** Brief **
Repeat exactly the lines of the records below, starting at the line containing "Meteoroloji Genel Müdürlüğü" and ending at the line containing "verfolgt | ||". Leave the pictures out.

** The data **
-=-=-=-=-

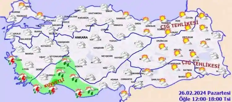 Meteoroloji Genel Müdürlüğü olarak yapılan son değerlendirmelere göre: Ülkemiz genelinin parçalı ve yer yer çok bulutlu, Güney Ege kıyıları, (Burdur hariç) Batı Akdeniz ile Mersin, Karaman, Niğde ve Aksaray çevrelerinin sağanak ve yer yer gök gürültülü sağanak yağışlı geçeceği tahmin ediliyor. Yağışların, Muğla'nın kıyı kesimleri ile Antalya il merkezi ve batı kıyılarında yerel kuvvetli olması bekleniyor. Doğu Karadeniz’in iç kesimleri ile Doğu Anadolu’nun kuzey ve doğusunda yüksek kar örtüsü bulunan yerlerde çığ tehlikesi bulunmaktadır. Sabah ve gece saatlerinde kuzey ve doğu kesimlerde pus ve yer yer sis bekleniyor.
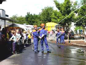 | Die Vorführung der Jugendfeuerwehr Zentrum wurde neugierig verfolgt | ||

-=-=-=-=-

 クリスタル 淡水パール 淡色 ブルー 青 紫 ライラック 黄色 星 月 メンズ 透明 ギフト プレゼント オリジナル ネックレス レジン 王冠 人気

-=-=-=-=-

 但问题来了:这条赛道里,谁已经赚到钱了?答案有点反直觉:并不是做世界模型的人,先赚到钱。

-=-=-=-=-

** Result of the exercise **
 Meteoroloji Genel Müdürlüğü olarak yapılan son değerlendirmelere göre: Ülkemiz genelinin parçalı ve yer yer çok bulutlu, Güney Ege kıyıları, (Burdur hariç) Batı Akdeniz ile Mersin, Karaman, Niğde ve Aksaray çevrelerinin sağanak ve yer yer gök gürültülü sağanak yağışlı geçeceği tahmin ediliyor. Yağışların, Muğla'nın kıyı kesimleri ile Antalya il merkezi ve batı kıyılarında yerel kuvvetli olması bekleniyor. Doğu Karadeniz’in iç kesimleri ile Doğu Anadolu’nun kuzey ve doğusunda yüksek kar örtüsü bulunan yerlerde çığ tehlikesi bulunmaktadır. Sabah ve gece saatlerinde kuzey ve doğu kesimlerde pus ve yer yer sis bekleniyor.
 | Die Vorführung der Jugendfeuerwehr Zentrum wurde neugierig verfolgt | ||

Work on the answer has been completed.